WHAT YOU NEED TO DO: Leave the pictures out, and transcribe the material below exactly from the line with "9月24日上午8点30分,河" to the line with "İtalyan Siyah Renk", both lines included.
──────── SUPPLIED MATERIAL
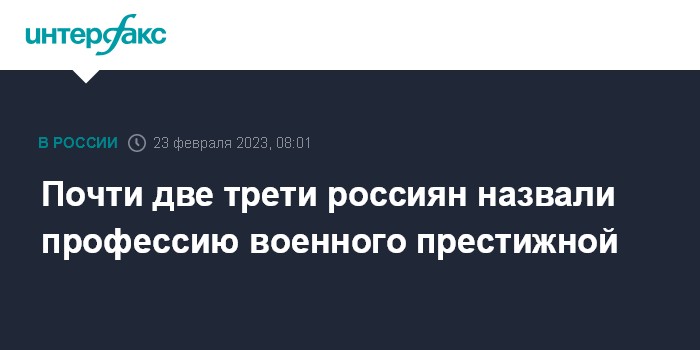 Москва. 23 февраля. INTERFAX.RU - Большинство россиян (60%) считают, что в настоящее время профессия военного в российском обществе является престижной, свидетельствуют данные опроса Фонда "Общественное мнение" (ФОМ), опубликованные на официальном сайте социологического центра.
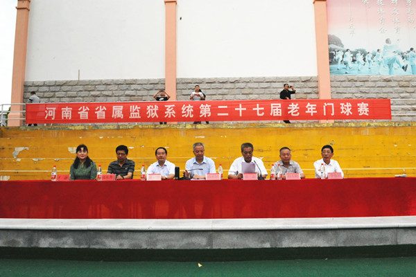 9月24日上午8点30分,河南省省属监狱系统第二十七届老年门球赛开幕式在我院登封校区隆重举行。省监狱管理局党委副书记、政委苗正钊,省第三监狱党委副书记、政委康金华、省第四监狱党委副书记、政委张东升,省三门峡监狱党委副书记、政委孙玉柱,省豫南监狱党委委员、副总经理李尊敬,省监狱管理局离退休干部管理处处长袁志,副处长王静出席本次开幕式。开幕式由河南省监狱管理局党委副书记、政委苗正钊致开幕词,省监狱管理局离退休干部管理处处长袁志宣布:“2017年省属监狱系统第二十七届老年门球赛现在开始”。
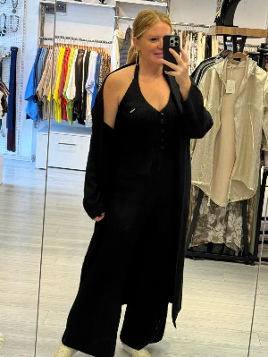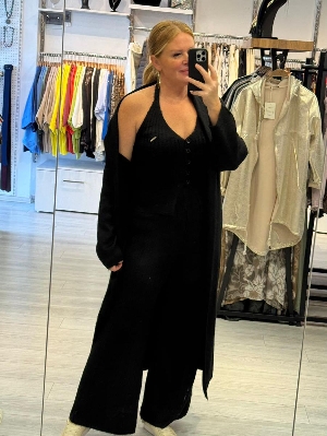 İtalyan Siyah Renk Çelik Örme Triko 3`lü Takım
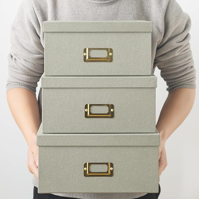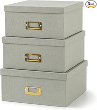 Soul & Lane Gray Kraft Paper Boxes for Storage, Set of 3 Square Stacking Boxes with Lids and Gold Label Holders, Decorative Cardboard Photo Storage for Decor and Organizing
────────────────
YOUR SOLUTION:
 9月24日上午8点30分,河南省省属监狱系统第二十七届老年门球赛开幕式在我院登封校区隆重举行。省监狱管理局党委副书记、政委苗正钊,省第三监狱党委副书记、政委康金华、省第四监狱党委副书记、政委张东升,省三门峡监狱党委副书记、政委孙玉柱,省豫南监狱党委委员、副总经理李尊敬,省监狱管理局离退休干部管理处处长袁志,副处长王静出席本次开幕式。开幕式由河南省监狱管理局党委副书记、政委苗正钊致开幕词,省监狱管理局离退休干部管理处处长袁志宣布:“2017年省属监狱系统第二十七届老年门球赛现在开始”。
 İtalyan Siyah Renk Çelik Örme Triko 3`lü Takım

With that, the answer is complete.